*Provided entries*

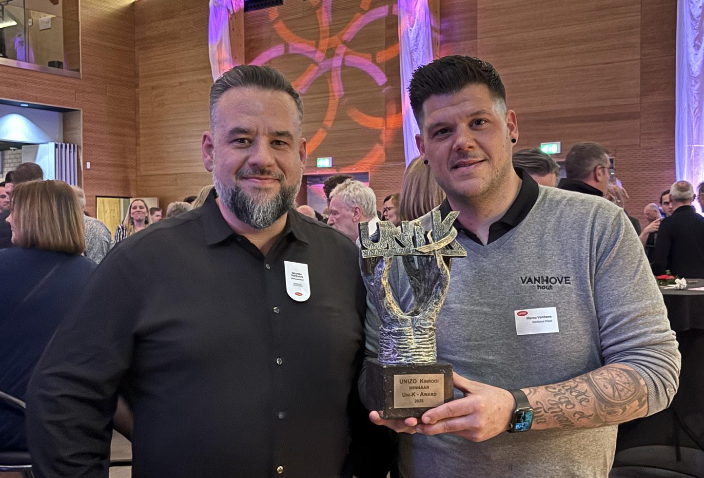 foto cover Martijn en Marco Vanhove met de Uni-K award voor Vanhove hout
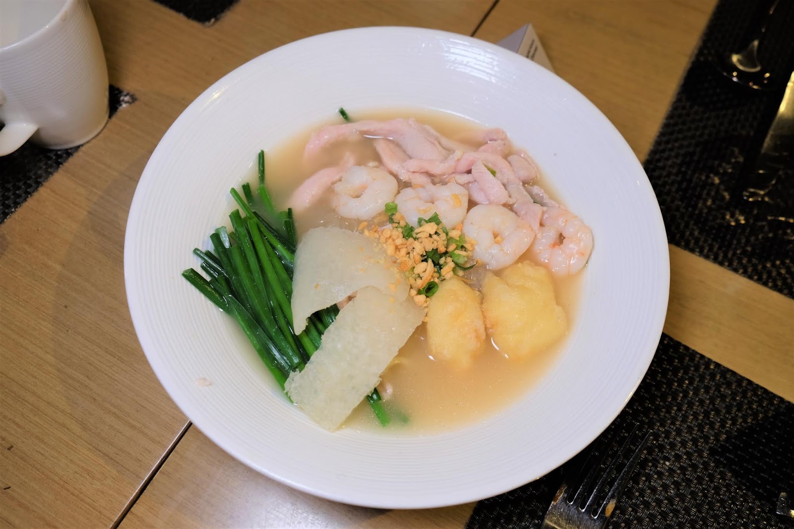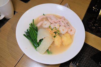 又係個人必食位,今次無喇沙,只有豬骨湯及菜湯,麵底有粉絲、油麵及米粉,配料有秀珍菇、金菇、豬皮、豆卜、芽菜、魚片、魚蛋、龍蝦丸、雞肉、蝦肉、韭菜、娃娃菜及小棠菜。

--

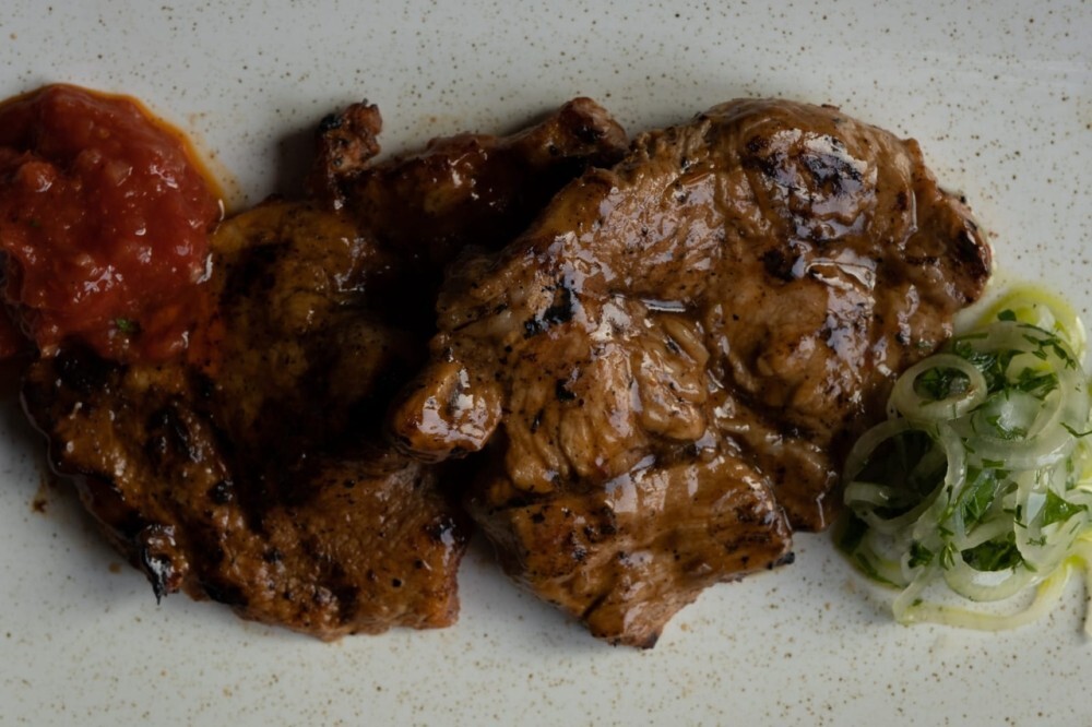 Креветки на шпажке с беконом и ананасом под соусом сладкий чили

...

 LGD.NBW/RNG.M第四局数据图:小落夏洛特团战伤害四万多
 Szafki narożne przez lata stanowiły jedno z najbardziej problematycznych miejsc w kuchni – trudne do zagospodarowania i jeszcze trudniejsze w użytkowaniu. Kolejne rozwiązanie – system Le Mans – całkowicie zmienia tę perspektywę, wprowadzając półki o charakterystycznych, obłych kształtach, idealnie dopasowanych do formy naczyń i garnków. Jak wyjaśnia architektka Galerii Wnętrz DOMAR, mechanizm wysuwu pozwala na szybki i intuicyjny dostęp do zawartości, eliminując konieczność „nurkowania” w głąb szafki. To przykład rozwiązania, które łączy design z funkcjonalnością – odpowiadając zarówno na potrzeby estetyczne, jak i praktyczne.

*What is expected*
Exactly the lines starting at the one above with "foto cover Martijn" and ending at the one with "又係個人必食位,今次無喇沙,只有豬骨湯及" should be printed, and nothing else. Omit the pictures.

*Your response*
 foto cover Martijn en Marco Vanhove met de Uni-K award voor Vanhove hout
 又係個人必食位,今次無喇沙,只有豬骨湯及菜湯,麵底有粉絲、油麵及米粉,配料有秀珍菇、金菇、豬皮、豆卜、芽菜、魚片、魚蛋、龍蝦丸、雞肉、蝦肉、韭菜、娃娃菜及小棠菜。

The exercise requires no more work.